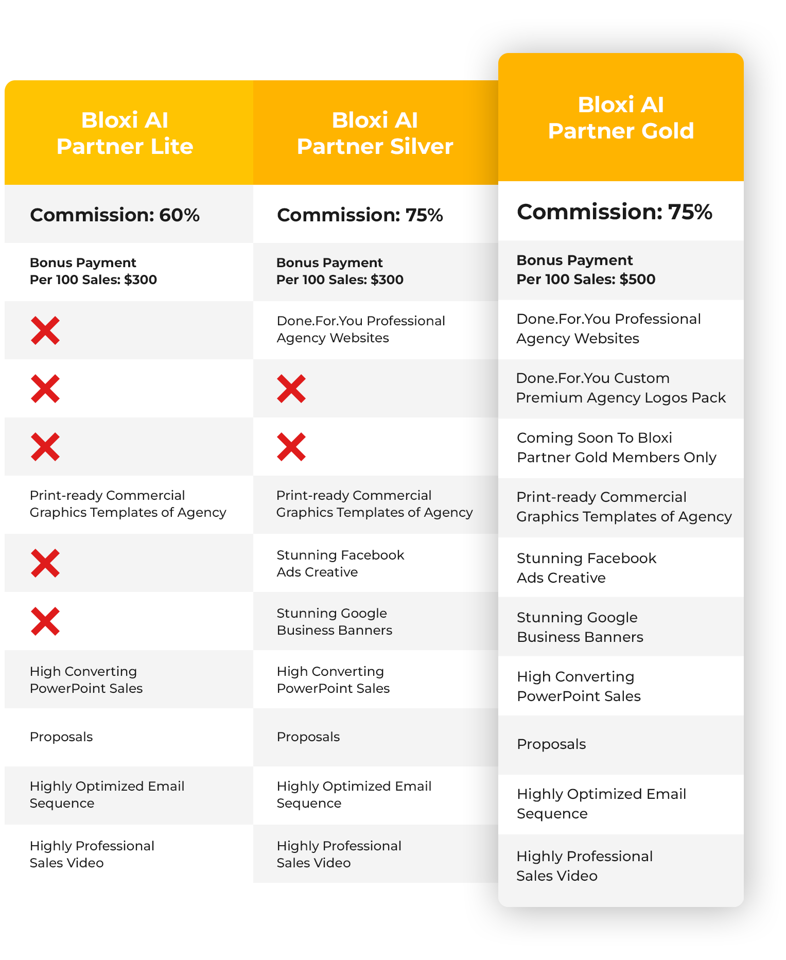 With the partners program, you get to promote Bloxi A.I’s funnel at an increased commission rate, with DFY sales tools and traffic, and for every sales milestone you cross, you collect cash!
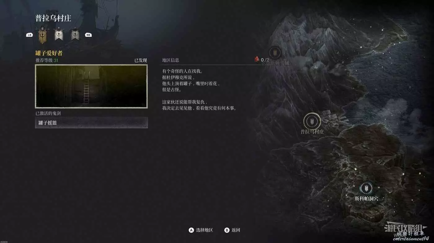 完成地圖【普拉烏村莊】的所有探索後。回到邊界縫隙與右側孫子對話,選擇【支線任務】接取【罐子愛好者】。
···
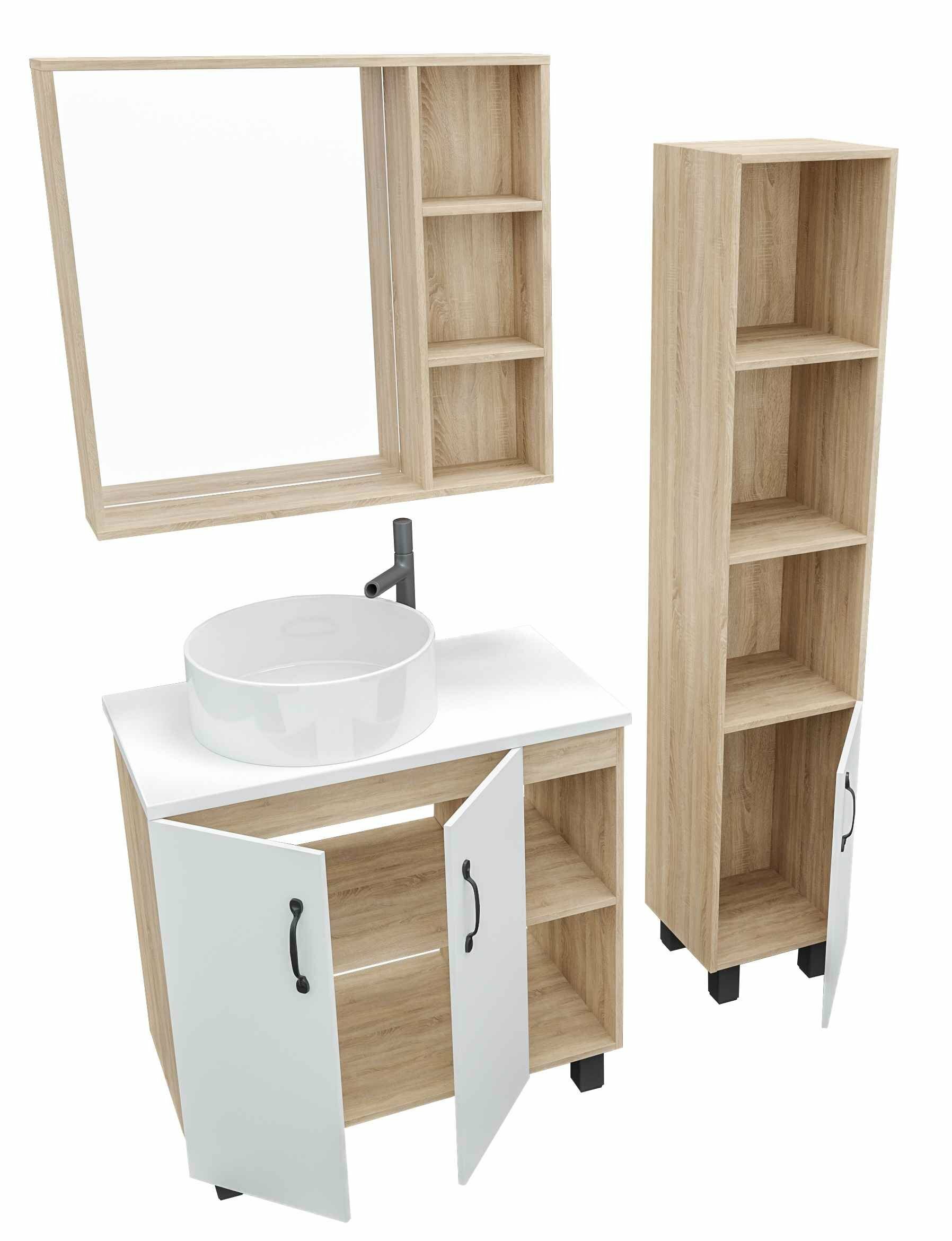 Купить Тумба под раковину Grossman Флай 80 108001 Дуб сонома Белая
···
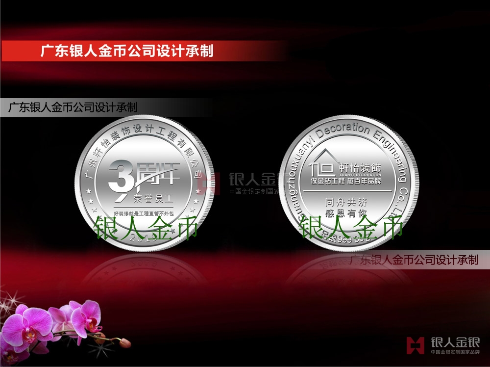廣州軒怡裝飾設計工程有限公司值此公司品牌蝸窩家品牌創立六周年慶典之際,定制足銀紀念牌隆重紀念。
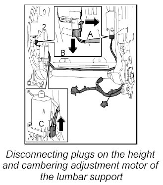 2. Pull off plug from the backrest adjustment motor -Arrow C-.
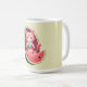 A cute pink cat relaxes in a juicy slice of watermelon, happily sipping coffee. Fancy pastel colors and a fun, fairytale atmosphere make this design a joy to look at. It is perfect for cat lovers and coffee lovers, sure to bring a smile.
···
#### Task objective:
Each line between the one holding "廣州軒怡裝飾設計工程有限公司" and the one holding "A cute pink", inclusive, should be copied exactly as it appears above, and pictures should be omitted.

#### Finished exercise:
廣州軒怡裝飾設計工程有限公司值此公司品牌蝸窩家品牌創立六周年慶典之際,定制足銀紀念牌隆重紀念。
 2. Pull off plug from the backrest adjustment motor -Arrow C-.
 A cute pink cat relaxes in a juicy slice of watermelon, happily sipping coffee. Fancy pastel colors and a fun, fairytale atmosphere make this design a joy to look at. It is perfect for cat lovers and coffee lovers, sure to bring a smile.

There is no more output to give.